Are you tired of repeating yourself when talking to your child about eating their food? You make a tasty meal and there it is, left on the plate as you served it, but now cold. Not only is this frustrating but you feel helpless after tons of rejection to a healthy meal.
I’m here to tell you, you are not alone! In fact, research shows 20% of parents with kids between the ages 2 to 5 have a picky eater. But don’t throw in the towel just yet, there’s good news. Most of these picky eaters outgrow this by the time they start school. Yey! (there’s hope)
So hang in there mommies and in the meantime here are the most effective ways to handle a picky eater.

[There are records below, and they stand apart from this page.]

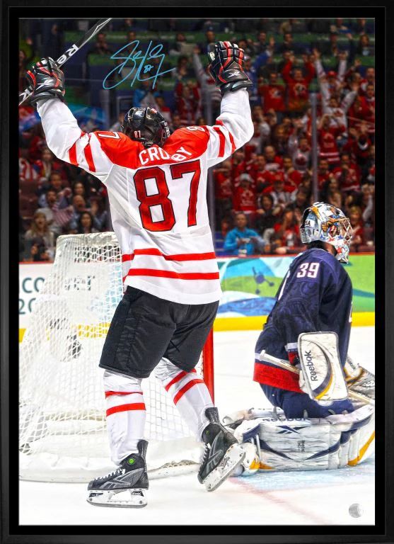 " SIDNEY CROSBY TEAM CANADA " Stretched Canvas Dubbed the "Golden Goal", this moment is entrenched in the minds of all Canadians who watched the game. Commemorate this great Canadian moment with this unique 20x29 framed Canvas of the moment, signed by Sidney Crosby himself. This piece comes with a hologram and certificate of authenticity to ensure the legitimacy of the autograph. Finished Size: 22.5x31.5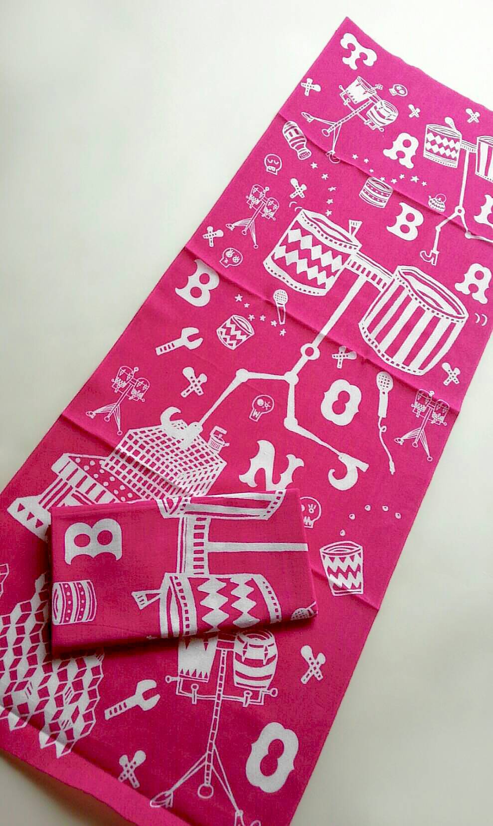タブラボンゴプレイヤー必須のタブラボンゴをモチーフにしたポップなデザインの手ぬぐいです。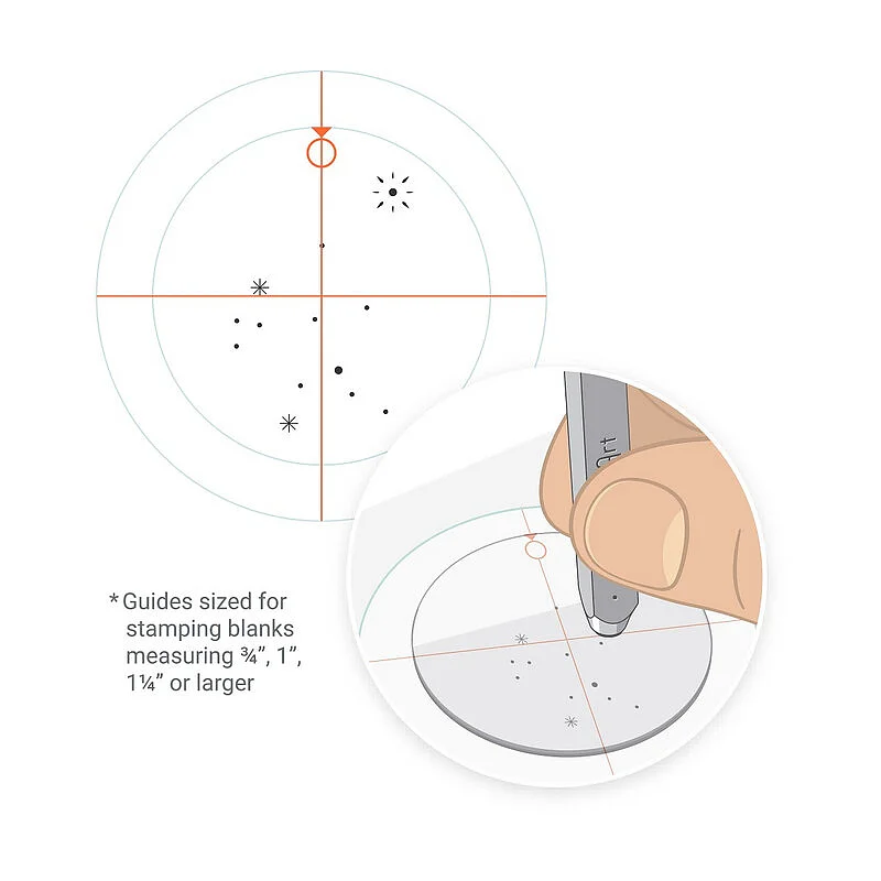Questo kit permette di creare meravigliosi gioielli con le costellazioni. Per aggiungere delle note di colore, potete usare il nostro kit per fissaggio pietre. Il kit include delle guide per diametri 19 - 25 e 30 mm. Gli stampi inclusi sono adatti alla stampa di materiali come alluminio, ottone, rame, oro, argento e altri metalli dolci.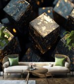 Close-up of textured, metallic cubes with a golden shimmer, creating an abstract and visually captivating pattern of geometric shapes and light reflections.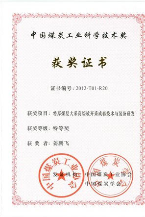 1、特厚煤层大采高综放开采成套技术与装备研发,2012年,中国煤炭工业科学技术特等奖,排名第20;

Don’t ask but give him options. A common mistake we do is ask our child what does he want to eat? Instead name a few options for him to choose from. Whether serving veggies or anything new, try bright colors such as orange (carrots) or red (tomatoes) and make them feel as though they are choosing what they want. When in reality either one they pick is a winner. Also be flexible with the portions at first.
Let him help in the kitchen. Whether its stirring the pancake mix or the seasoned potatoes. Make them feel part of meal making and surely they’ll come around trying what they “made”.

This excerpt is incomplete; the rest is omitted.